Baptism Service Plus Vacant Storefront Equals VBS Program

Post a Comment » Written on August 24th, 2009     
Filed under: News
SEATTLE, WA (August 24, 2009) – First Covenant Church’s senior pastor, Mark Nilson, had no idea that giving worshipers an opportunity to renew their baptism would lead to a new ministry at a transition shelter and the church’s first vacation Bible school (VBS) in years, which also happened to be held in a former motorcycle store.

Following a sermon on a Sunday morning earlier this year, Nilson invited attendees to renew their baptism by coming forward and dipping their hands into a basin of water. He recalls that a Sudanese woman he had not seen before came forward, spoke out loud in her own language and then returned to her seat.

The church began to develop a relationship with the woman, who lives with four of her five children at the YWCA transitional shelter for homeless families, and soon members were taking turns driving the kids to the congregation’s Wednesday night programs.

One evening, Nilson and new Associate Pastor Carolyn Potorek were met by more than just the four children. “All of a sudden, we were surrounded by these kids saying, ‘I want to go! I want to go!’ ” Nilson says.

“We left there saying we have to do a vacation Bible school,” Nilson says. “If we had eight months to talk about doing a VBS, we probably would have talked ourselves out of it. But because we only had two months to prepare, we said let’s go for it.”

The church had not held a VBS for at least eight years because the congregation had few families with children, Nilson says. Fifty children – most of whom did not attend the church – participated in the VBS earlier this month.

“Most of these kids had no idea who Moses was,” Nilson says.

Nilson notes that the VBS was very urban with its multiethnic mix of participants and the lack of an outside area that many suburban churches have to set up games and other activities. Again, an unexpected event at the beginning of the year made the summer VBS possible.

First Covenant owns a parking garage next door that includes 12,000 square feet of storefront space that had been rented by a motorcycle dealership. The space, which had been leased to the company for 15 years, became available unexpectedly at the beginning of 2009, when the business suddenly closed.

“It was like the rapture happened,” Nilson says. “Paperwork was on peoples’ desks, computers were on, files were open.”

The next day the motorcycle company picked up their merchandise, and the capital company that owned the other assets auctioned them.

“They left it just a wreck, though,” Nilson adds. The congregation had spent a lot of time cleaning and remodeling the space. “It was just kind of a blank canvas, and we’ve been praying about what we should do with it,” Nilson says.

The space proved to be perfect for the VBS. As a result, the kids were able to play just about any game that would have been possible outside, Nilson says. “It was an incredible thing to send our kids over there so that the kids could play kickball.”
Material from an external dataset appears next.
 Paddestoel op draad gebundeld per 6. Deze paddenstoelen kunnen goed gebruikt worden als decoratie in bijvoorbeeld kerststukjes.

The VBS also gave the church greater visibility to the community. Because the storefront has large windows, people walking along the busy Pike Street, where the church is located, saw the activities and stopped to ask what was happening.

What had been the repair shop area for the motorcycle store was transformed into an ideal space for arts and crafts, Nilson adds.

Nilson doesn’t think the church would talk itself out of doing another VBS. “It was chaotic, and crazy and out of control, but absolutely wonderful.”